Recorded in just over a week, the album does not hide its speed. There is a looseness here that the Crowes have sometimes chased and sometimes talked themselves out of. On A Pound of Feathers, they chase it and catch it. Chris Robinson’s voice, still one of the more distinctive instruments in American rock, sounds less like he is performing and more like he is just in the room with you. Rich Robinson’s guitar work is exactly what you want from him: spacious, confident, not trying to fill every silence.

“Southern Blood” opens things up with an almost casual authority, a groove that settles in before the melody even announces itself. “Two Moons Down” is the kind of track that would have sounded good on a jukebox in 1975 and sounds just as good now. There is no nostalgia baked into it, just a song that understands what makes rock music feel physical.

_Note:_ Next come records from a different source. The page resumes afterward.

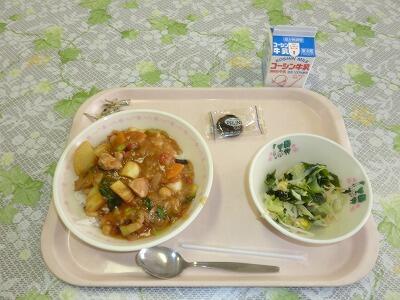 牛乳 地場産野菜のカレーライス わかめとコーンのサラダ プルーン 小魚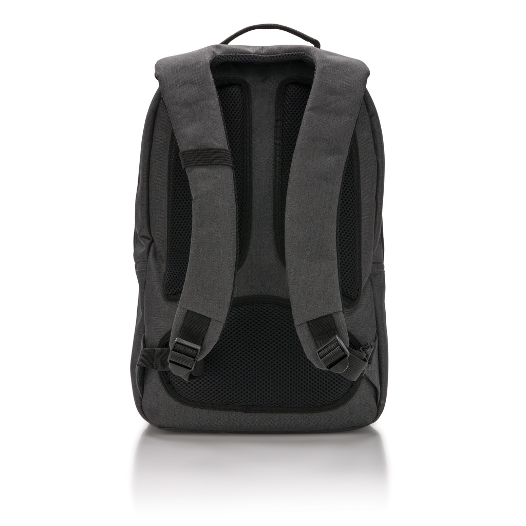 Täydellinen työhön ja vapaa-aikaan. Tämä reppu 600D polyesterista tarjoaa tyylikkään tavan kuljettaa tavaroita. Osasto 15” kannettavalle ja toinen osasto tabletille. Säädettävät olkahihnat ja pehmustettu takapaneeli. Tilava etuosasto kengille tai urheiluvaatteille.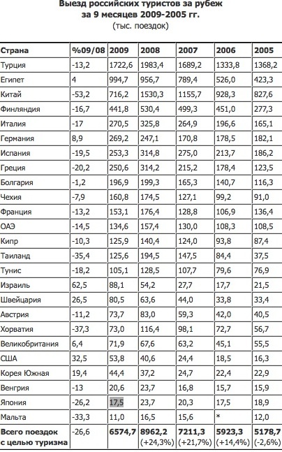 Выезд российских туристов за рубеж за 9 месяцев 2009-2005 гг. (Ростуризм)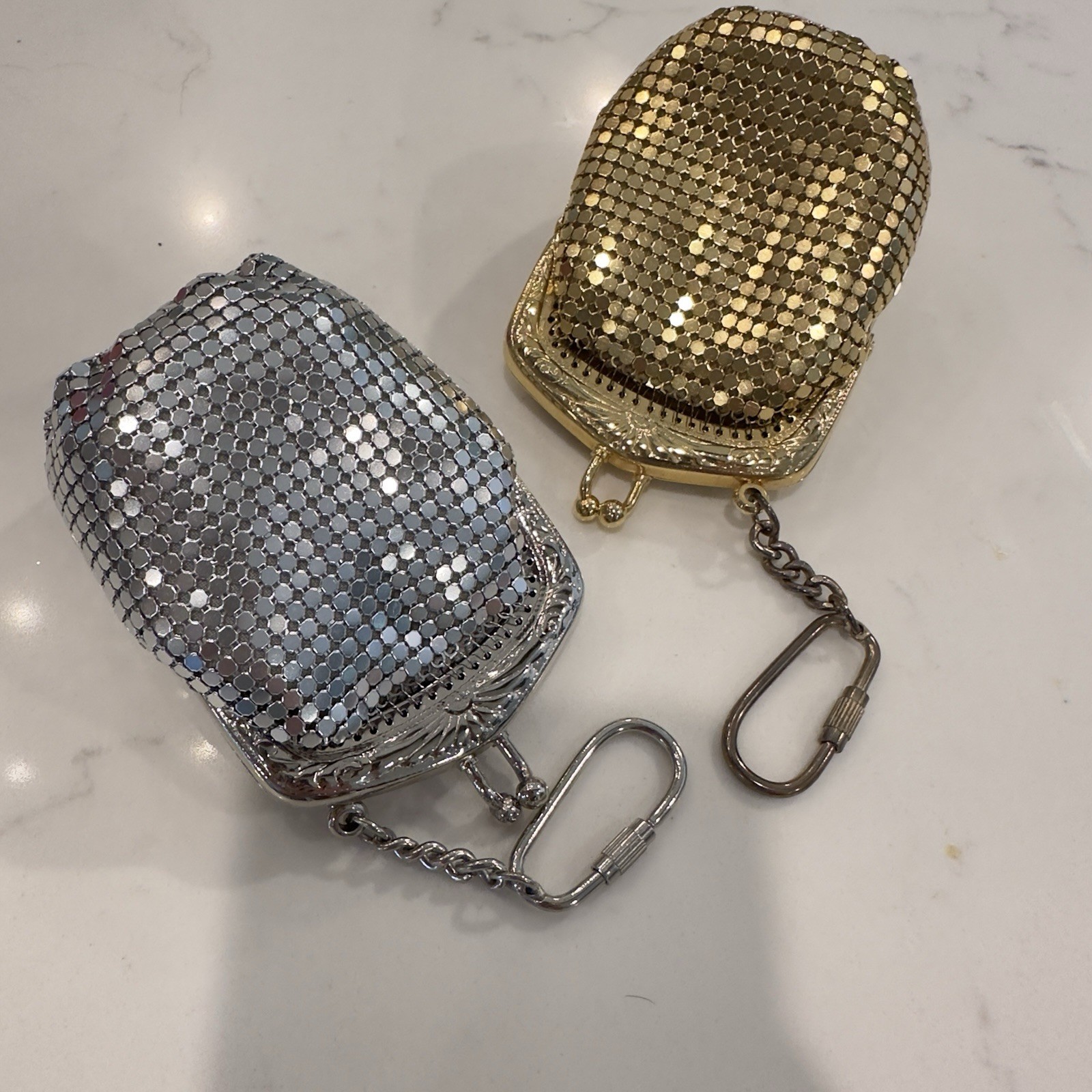 Vintage 80s Mesh Gold Silver Tone Coin Purse Kiss Clasp Satin Pouch Retro Pair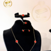 تم تصميم هذا الطقم باستخدام خامات عالية الجودة مثل الذهب المطلي عيار 18 مع طبقة من الطلاء الأسود اللامع الذي يُضفي على التصميم طابعًا فخمًا وخالدًا. يمكن ارتداء الطقم بالكامل في المناسبات الخاصة أو تنسيق كل قطعة على حدة لإطلالة يومية راقية.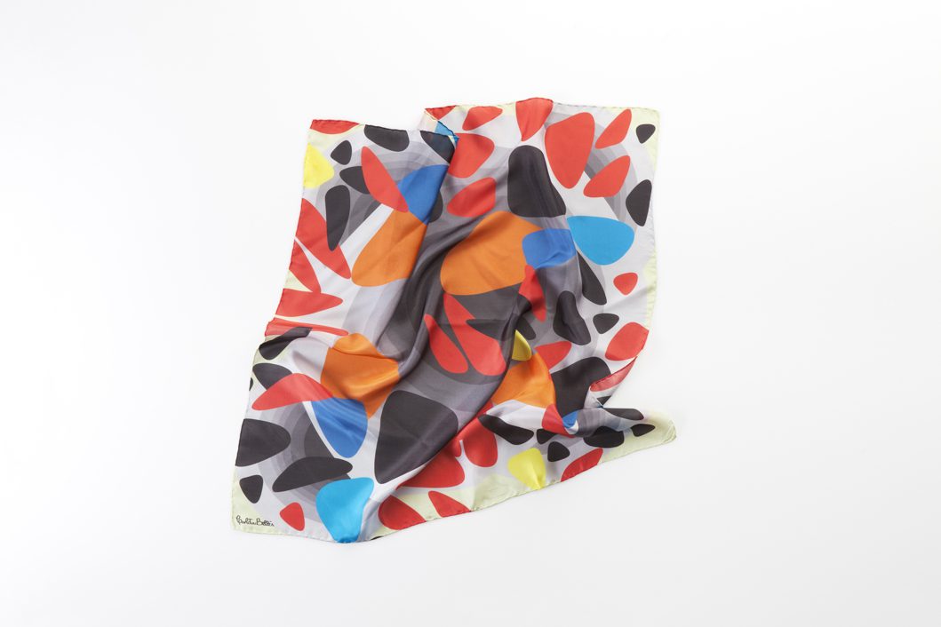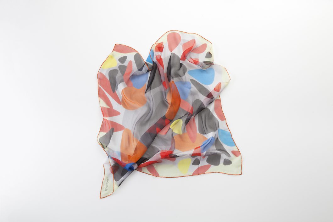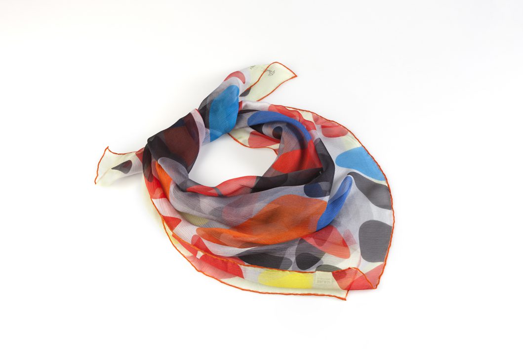 The natural silk square scarf “Magnificent Clouds” in red reinterprets the work of artist Alexander Calder, “Floating Clouds,” in which art, decorative elements, and acoustics combine to create an atmosphere of joy. The design is set on a background of concentric circles in gray tones that fade away, representing acoustic waves. Floating above them are clouds in red, orange, yellow, blue, and black, whose positioning and contrasts give the design a musical rhythm.

The album does thin out slightly in its middle section, a couple of tracks that coast on the band’s chemistry without adding much to the record’s overall argument. That is a minor complaint. The back half recovers well, and by the time “Featherweight” closes things out, the record has made its case.

The case is this: the Black Crowes, when they stop second-guessing themselves and just play, are still one of the better American rock bands doing it. A Pound of Feathers is not a comeback record or a nostalgia record. It is a band finding out what they sound like when they trust each other in a room. The answer turns out to be pretty good.